Some of my neighbors use the seresto collar (on their Cavalier King Charles Spaniels) and say they have had no problems. Somehow I don't like the idea of the collar, so went for the ingestible.


----------



## Summer (May 2, 2016)

I don't care for the collar solution either, but that was the vets next suggestion and I'd heard great things about the collar and was desperate! LOL.

So did Pericles get the hot spots from a reaction to the fleas themselves then? That could be our problem. I've just never seen such a reaction to fleas before. Maybe that's why the antibiotics don't work if the fleas just weren't under control yet.


----------



## marialydia (Nov 23, 2013)

Yes, according to the vet, and the groomer, the "hot spots" on Pericles were a combination of reaction/ allergy to flea bites, and staph infection, mostly from him biting at them. An area on his flank actually was small, maybe a few individual marks over an inch or so, but rather raw.That's why they wanted to get rid of the fleas, have the treatment bath, and do the antibiotics all at once. I am happy to say that this worked. The vet made a point of saying that the antibiotics should be continued for 3 full weeks, to ensure the infection on the skin was gone.

Just after the bath, I put the collar on Pericles to keep him from biting at the spots, and to give them time to recover. Not 24/7, but when I wasn't actively watching him. I did this for a couple of days and think it helped.

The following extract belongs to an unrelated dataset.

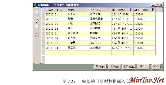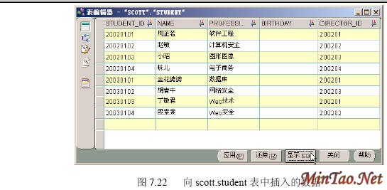 (4)最后完成完整的scott.student数据表数据的插入,如图7.25所示。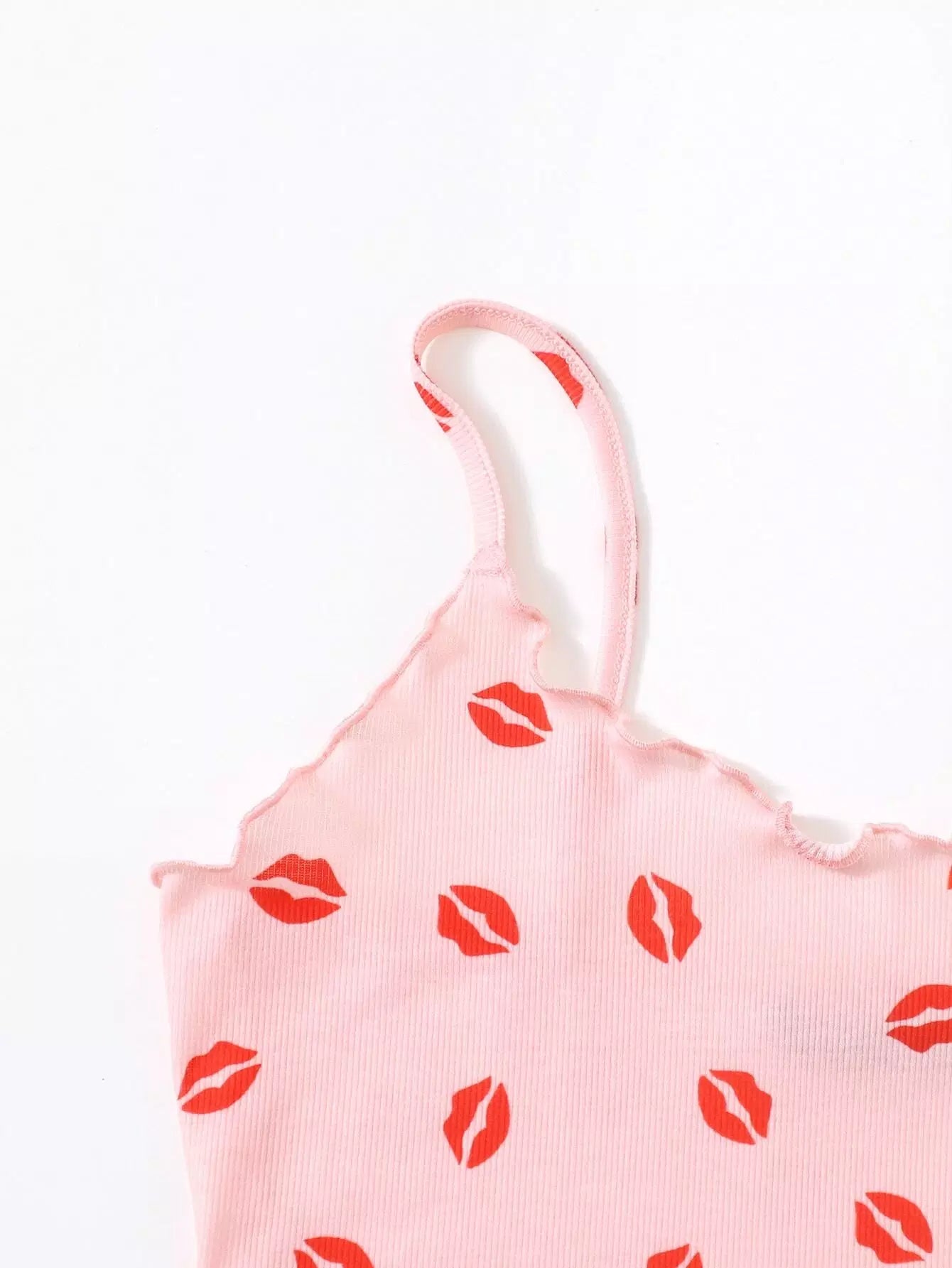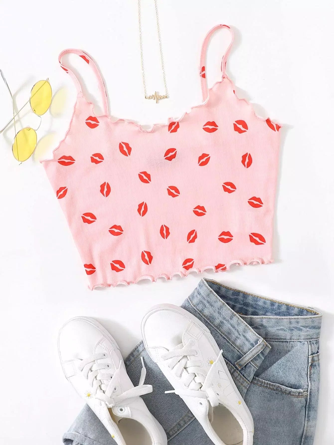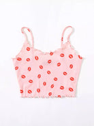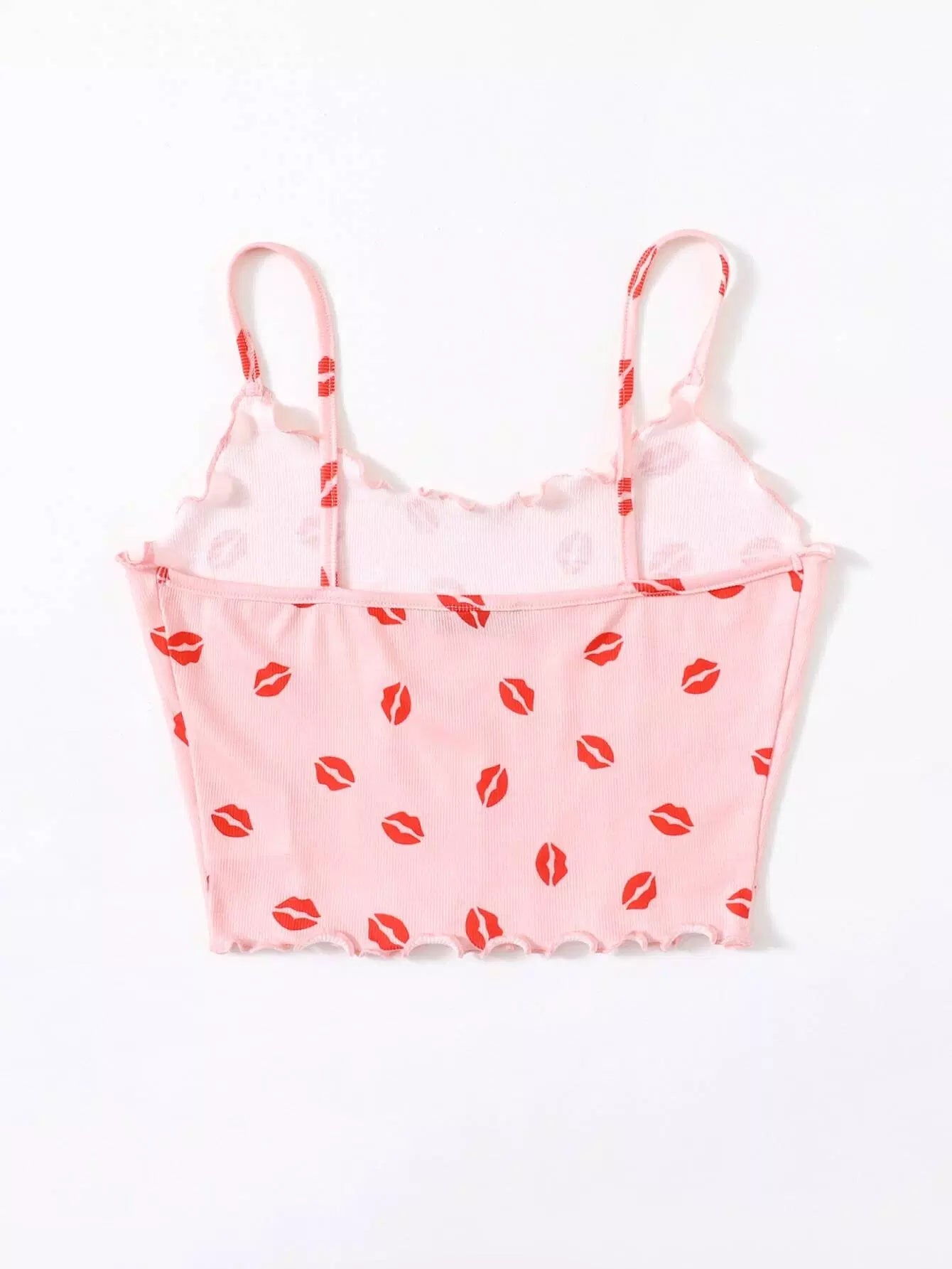 Lettuce Trim Allover Lip Print Crop Cami Top

That the spots were a reaction to fleas, compounded by an infection, makes sense to me. Jupiter, who is frail, interestingly had no "hot spots" and we just needed to get rid of fleas.


----------



## lily cd re (Jul 23, 2012)

I can't say too much about the specifics of flea controller resistance in the little buggers since it is such a locally distinctive issue. We use Advantix II and thankfully it still works and our dogs all tolerate it. My mom uses Seresto, and my vet has suggested switching to it, but I can't use it since AKC rules say you can only have one flat buckle type or Martingale type collar on the dog in a trial. Since you can't remove and replace the Seresto collar it isn't practical for me.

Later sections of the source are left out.